Data records

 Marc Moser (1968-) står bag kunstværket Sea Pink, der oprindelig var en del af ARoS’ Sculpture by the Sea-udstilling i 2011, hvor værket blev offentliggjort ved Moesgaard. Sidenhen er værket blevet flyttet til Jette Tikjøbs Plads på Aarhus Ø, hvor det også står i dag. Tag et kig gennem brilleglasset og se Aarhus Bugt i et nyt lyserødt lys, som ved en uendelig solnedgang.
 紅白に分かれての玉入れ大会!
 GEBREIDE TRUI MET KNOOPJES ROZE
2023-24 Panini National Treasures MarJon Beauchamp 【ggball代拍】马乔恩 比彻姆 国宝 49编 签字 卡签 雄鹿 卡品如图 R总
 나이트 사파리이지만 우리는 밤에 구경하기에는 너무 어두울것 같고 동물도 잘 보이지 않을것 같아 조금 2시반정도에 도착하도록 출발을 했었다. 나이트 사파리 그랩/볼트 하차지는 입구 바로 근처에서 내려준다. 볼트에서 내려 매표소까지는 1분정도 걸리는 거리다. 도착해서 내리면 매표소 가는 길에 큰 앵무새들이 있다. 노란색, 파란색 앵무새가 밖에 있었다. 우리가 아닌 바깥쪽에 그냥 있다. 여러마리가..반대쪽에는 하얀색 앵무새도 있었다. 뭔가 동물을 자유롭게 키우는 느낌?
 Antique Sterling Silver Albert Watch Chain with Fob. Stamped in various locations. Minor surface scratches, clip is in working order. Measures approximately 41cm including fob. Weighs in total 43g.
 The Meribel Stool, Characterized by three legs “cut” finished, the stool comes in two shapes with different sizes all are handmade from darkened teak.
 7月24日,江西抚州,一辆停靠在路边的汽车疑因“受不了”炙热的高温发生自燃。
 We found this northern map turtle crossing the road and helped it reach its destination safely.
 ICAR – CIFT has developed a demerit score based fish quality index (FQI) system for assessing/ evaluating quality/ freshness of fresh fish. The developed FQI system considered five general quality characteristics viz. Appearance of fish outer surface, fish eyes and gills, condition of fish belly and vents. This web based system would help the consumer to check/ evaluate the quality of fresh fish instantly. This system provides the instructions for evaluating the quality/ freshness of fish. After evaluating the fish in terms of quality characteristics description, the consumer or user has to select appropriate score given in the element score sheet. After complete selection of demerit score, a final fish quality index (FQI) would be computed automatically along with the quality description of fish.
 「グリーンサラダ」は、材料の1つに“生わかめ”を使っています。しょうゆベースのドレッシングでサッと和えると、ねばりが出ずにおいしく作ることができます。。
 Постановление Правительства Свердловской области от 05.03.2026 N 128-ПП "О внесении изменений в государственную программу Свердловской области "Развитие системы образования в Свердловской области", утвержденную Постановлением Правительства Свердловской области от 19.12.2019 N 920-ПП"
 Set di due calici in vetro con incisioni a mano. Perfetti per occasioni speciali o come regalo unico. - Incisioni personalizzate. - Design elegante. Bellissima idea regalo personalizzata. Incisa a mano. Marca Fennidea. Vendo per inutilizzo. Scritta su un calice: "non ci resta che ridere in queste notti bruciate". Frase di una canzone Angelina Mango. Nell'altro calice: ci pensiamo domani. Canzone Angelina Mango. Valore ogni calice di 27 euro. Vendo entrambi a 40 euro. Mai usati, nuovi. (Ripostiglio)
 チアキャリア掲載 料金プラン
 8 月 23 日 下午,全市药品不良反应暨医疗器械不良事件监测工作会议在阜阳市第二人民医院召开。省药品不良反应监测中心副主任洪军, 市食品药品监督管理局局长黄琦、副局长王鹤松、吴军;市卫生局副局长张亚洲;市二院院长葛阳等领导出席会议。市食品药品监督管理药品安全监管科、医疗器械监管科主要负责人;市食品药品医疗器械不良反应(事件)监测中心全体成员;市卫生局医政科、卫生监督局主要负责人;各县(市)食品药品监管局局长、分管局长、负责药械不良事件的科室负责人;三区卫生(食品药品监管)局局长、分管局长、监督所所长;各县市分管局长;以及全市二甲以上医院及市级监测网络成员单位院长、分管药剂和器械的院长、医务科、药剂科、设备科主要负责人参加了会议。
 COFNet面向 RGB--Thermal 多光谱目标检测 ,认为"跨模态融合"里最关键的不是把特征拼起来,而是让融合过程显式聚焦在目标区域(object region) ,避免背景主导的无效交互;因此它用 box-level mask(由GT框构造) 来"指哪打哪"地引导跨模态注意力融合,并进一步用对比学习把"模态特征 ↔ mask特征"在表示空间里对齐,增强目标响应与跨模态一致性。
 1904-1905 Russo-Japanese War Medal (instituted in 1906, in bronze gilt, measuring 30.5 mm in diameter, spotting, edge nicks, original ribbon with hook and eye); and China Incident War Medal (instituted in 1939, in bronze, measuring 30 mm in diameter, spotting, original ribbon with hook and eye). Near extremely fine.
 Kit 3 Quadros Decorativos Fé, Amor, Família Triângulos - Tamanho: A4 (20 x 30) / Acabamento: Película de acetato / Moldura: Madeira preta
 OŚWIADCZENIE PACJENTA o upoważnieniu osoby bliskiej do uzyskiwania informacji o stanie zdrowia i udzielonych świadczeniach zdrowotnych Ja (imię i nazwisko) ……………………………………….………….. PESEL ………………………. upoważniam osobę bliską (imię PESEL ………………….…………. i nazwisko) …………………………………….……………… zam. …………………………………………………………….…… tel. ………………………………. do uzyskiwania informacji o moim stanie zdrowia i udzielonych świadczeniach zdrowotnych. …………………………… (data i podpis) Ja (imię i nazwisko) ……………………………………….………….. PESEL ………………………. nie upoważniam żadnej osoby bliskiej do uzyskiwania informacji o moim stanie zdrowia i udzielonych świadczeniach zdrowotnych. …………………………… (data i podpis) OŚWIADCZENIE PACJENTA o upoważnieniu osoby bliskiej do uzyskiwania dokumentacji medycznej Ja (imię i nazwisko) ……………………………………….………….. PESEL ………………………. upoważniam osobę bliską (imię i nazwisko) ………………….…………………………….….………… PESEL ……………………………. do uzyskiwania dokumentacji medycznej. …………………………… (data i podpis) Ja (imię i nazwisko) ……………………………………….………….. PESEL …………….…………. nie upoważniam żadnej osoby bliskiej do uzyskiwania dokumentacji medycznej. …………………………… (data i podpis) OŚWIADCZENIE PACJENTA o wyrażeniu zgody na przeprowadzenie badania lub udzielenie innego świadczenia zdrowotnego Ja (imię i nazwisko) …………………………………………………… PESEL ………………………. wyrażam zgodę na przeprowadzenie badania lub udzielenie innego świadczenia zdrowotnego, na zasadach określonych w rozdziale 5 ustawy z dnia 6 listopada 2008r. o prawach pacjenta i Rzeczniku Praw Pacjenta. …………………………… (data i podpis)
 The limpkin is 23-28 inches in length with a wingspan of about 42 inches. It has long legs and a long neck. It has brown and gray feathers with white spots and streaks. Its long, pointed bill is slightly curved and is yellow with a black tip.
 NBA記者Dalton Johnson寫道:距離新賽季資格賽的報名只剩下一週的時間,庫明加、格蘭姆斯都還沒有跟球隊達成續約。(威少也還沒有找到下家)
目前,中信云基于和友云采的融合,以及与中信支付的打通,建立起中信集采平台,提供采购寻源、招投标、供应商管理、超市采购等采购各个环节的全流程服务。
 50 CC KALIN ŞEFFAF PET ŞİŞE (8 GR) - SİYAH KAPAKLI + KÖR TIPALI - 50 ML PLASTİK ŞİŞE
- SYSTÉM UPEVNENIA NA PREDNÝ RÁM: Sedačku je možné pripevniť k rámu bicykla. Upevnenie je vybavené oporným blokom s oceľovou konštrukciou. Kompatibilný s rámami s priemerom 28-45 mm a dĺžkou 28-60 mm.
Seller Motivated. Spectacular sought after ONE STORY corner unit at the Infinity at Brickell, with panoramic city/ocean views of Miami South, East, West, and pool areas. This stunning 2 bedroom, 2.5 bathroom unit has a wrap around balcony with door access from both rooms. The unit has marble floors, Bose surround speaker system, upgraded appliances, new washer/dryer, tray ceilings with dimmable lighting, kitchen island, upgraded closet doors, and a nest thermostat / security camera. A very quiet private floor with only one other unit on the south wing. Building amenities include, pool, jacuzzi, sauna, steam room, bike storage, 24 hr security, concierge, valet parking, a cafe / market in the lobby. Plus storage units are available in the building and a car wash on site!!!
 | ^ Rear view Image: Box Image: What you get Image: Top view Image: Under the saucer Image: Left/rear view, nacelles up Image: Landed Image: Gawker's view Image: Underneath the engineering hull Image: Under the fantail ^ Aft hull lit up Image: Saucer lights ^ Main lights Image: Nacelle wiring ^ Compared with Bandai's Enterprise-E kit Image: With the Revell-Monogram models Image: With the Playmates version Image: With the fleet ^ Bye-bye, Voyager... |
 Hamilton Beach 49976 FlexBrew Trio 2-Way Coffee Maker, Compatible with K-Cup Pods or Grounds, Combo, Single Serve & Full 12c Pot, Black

## [Instructions for the task]
Give only the number of lines above that hold the string "from".

## [Task result]
2